The robot can adapt to the different pipelines that the pipe diameter changes at 200mm ~300mm within range, thereby its theory of operation is step motor through shaft coupling drive ball screw rotate drive nut remove, then promote the connecting rod and change the opening and shutting angle that initiative crank and driven crank supported the angle and adjust the athey wheel, and change this robot external diameter size, adapt to the pipeline of different pipe diameters. In practice, it can be seen that the robot nut moves back and forth within a fixed range, which corresponds to the change from the smallest to the largest outer diameter of the robot. The diameter-changing range of the pipeline robot is 100mm, the variation range of the elevation angle of the driving crank of the robot is 18.39-74.96 degrees, the driving crank and the driven crank of the robot cannot interfere in the range, and the requirement of the diameter-changing range of the robot is met.
Claims (7)
1. The utility model provides a novel power pipeline inspection robot structure device, includes cloud platform (1), automobile body (2), adjusting collar (3), support arm (4), parallel arm (5), actuating mechanism (6), hold-in range (7), mileage wheel (8), rotating electrical machines (9) and ultrasonic transducer (10), its characterized in that: the front end part of the inspection robot structure is formed by connecting a cradle head (1) and a vehicle body (2), an adjusting ring (3) is connected to the rear of the vehicle body (2), a driving mechanism (6) is connected to two sides of a main part of the inspection robot structure through a supporting arm (4) and a parallel arm (5) and is connected with a synchronous belt (7), the main part of the inspection robot structure is a mileage wheel (8), a rotating motor (9) is arranged at the lower end of the mileage wheel (8), and an ultrasonic probe (10) is connected to the tail part of the rotating motor (9); the two driving mechanisms (6) are arranged on two sides of the mileage wheel (8).
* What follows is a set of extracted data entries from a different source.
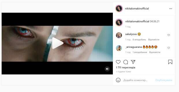 "04.06.21", - такую подпись добавил Ломакин, скорее всего, это дата выхода клипа. Как видно, Никита на видео похож на зомби, он пускает себе кровь, а потом его показывают лежащим в луже крови лицом к земли. Его волосы тоже касаются крови. Красавчик не смотрит в объектив, он печально смотрит на кровь с приоткрытым ртом. Никита Ломакин готовит выход нового перформанса. Поклонники тут же принялись комментировать урывки клипа, засыпая парня комплиментами и восторженными словами. "Слишком шикарно", "Это прям как трейлер к фильму - бомба
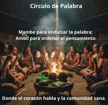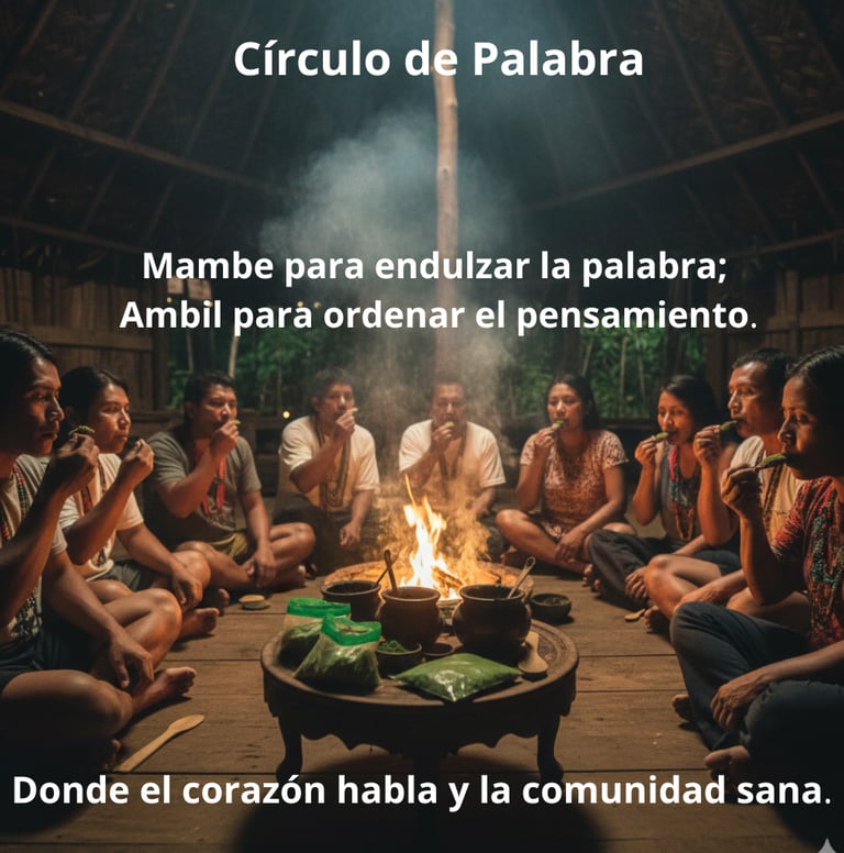 Los Círculos de la Palabra son espacios sagrados donde la dupla de Mambe y Ambil actúa como un puente para la conexión profunda y la sanación comunitaria. Al unir la "palabra dulce" del Mambe con el "pensamiento ordenado" del Ambil, se abre un portal para expresar verdades desde el corazón, resolver conflictos con sabiduría y tejer lazos de unidad. Esta práctica ancestral beneficia al ser humano al clarificar la mente, nutrir el espíritu y fortalecer los lazos sociales, cultivando la empatía y el respeto mutuo. Pero su poder no se limita a lo colectivo: también puedes crear tu propio "mambeadero personal" en casa. A solas, Mambe y Ambil te guían en una profunda introspección, ayudándote a conectar con tu sabiduría interna, a ordenar tus pensamientos, aclarar tus metas y encontrar la paz necesaria para navegar tu día a día con conciencia y propósito. Es un ritual flexible: ya sea en la compañía de otros o en la intimidad de tu ser, siempre será una herramienta de auto-conocimiento y armonización.
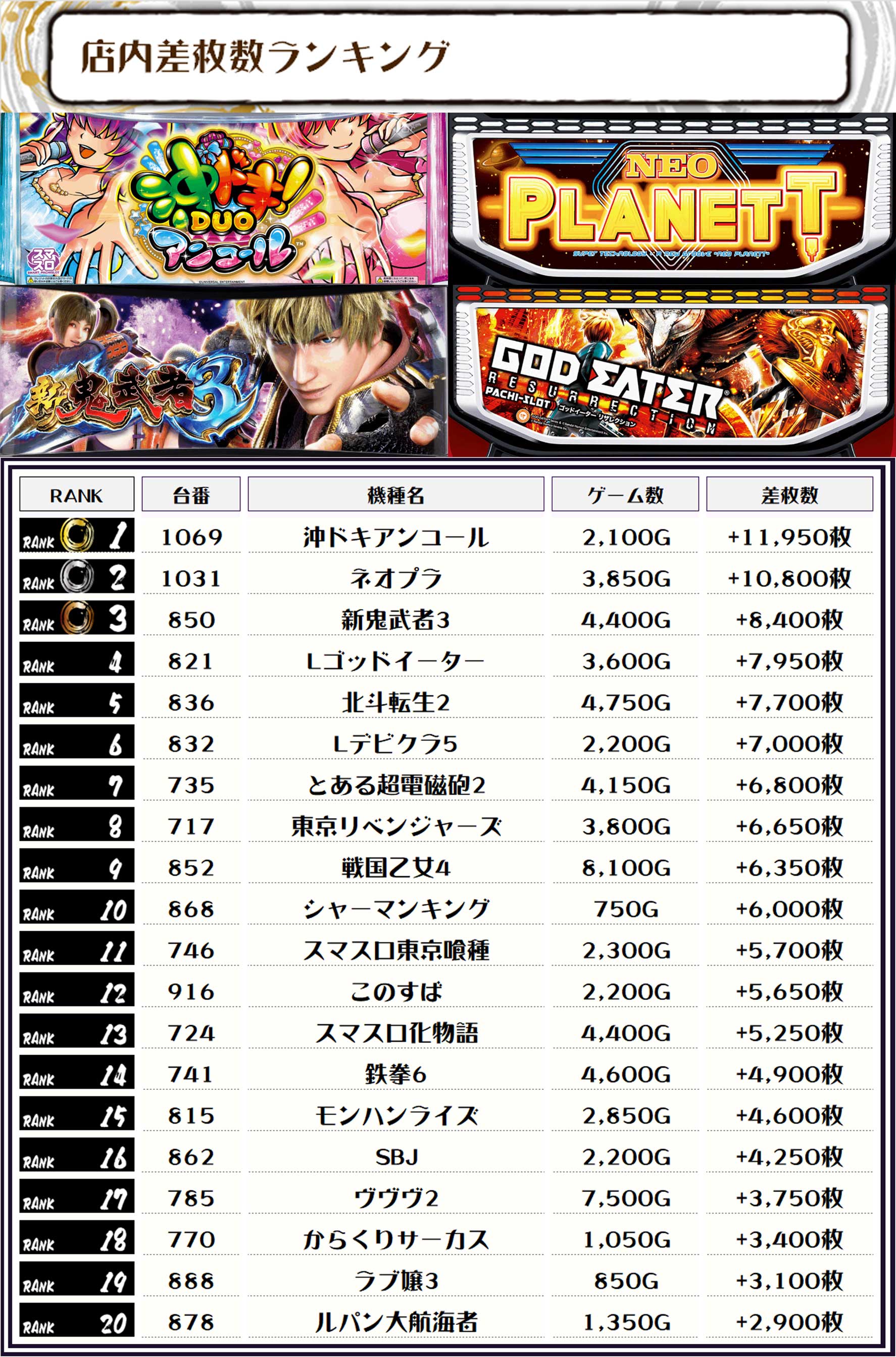 2位には【ネオプラ・1031番台】の+10,800枚、そして3位には【新鬼武者3・850番台】の+8,400枚がランクインっ🏆🏆🏆

2. The novel power pipeline inspection robot structure device according to claim 1, characterized in that: the drive mechanism (6) comprises: the front end connecting part, the middle connecting part, the driving motor (30) and the driving wheel (29) connected with the driving motor (30) are driven to walk by changing the radial distance between the driving mechanism (6) and the vehicle body (2);
wherein the middle connection portion of the drive mechanism (6) comprises: the inspection robot comprises a guide groove (22), a parallel arm (5) for connecting a main part of an inspection robot structure and the guide groove (22), a gear seat (28) connected to the guide groove, and a synchronous belt (7) arranged on the gear seat, wherein the synchronous belt (7) comprises a driving wheel (23), a driven wheel (19), a belt (21) and an auxiliary wheel (20) arranged between the guide groove (22) and a guide groove cover (6), the gear seat (28) comprises a driving gear (27) and a driven gear (24) arranged in the gear seat (28), and the driven gear (24) is coupled with the driving wheel (23) through the synchronous belt (7);
the front end connecting portion of the drive mechanism (6) includes: the adjusting ring (3) and the sliding block seat (14) with threads on the outer surface are connected through threads, the adjusting ring (3) and the sliding block seat (14) comprise a stud (12), a locking nut (13), a sliding block (16) and a supporting arm (4), one end of the supporting arm is connected with the sliding block seat (14), the other end of the supporting arm is connected with a guide groove (22), and a compression spring (15), a locking gasket (17) and a rear connecting sleeve (18) are arranged between the sliding block (16) and the sliding block seat (14).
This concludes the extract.